What the exercise asks: Produce a word-for-word copy of the lines from the one that contains "Forum One partnered" to the final line of the data below, with all pictures dropped.

Data extract:
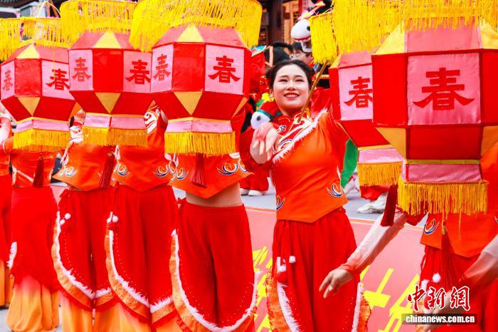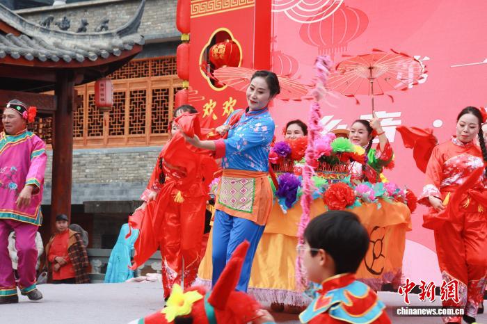 2月4日,全國“村晚”示范展示點(diǎn)活動(dòng)暨旬陽市“我在古鎮(zhèn)過大年”文旅活動(dòng)在陜西安康旬陽市蜀河鎮(zhèn)啟動(dòng)?;顒?dòng)緊扣“古鎮(zhèn)年味”元素,融合漢江航運(yùn)文化、鄉(xiāng)村振興等內(nèi)容,以村歌聯(lián)唱、戲曲薈萃、農(nóng)民走秀、農(nóng)產(chǎn)品展銷等形式,營造出了濃厚的春節(jié)氛圍。圖為活動(dòng)現(xiàn)場(chǎng)。 張昊 攝
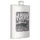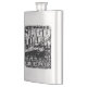 The product is a good size and came exactly as it was pictured. The lid is not attached to the flask, which could be dangerous on drunken nights... The print came out surprisingly well and looks very sharp. Would definitely recommend.
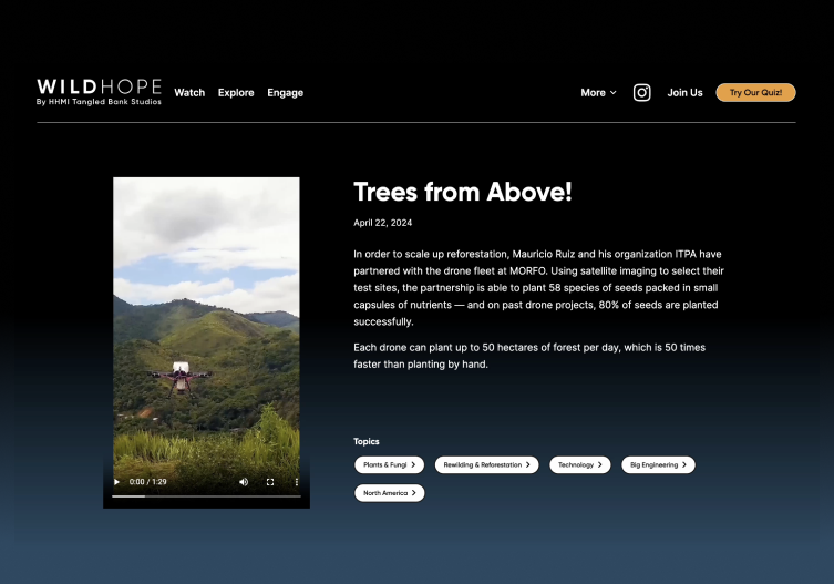 Forum One partnered with HHMI Tangled Bank Studios to build wildhope.tv, the digital hub for the television series. With episodes airing on PBS and YouTube, the online hub provides viewers with additional opportunities to explore the series’ themes and inspire a deeper interest in conservation science.
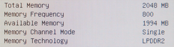| Оперативная память | 2 Гбайт, LPDDR2-800 (распаяна на корпусе процессора, нет разъемов расширения) |

Result for this exercise:
 Forum One partnered with HHMI Tangled Bank Studios to build wildhope.tv, the digital hub for the television series. With episodes airing on PBS and YouTube, the online hub provides viewers with additional opportunities to explore the series’ themes and inspire a deeper interest in conservation science.
| Оперативная память | 2 Гбайт, LPDDR2-800 (распаяна на корпусе процессора, нет разъемов расширения) |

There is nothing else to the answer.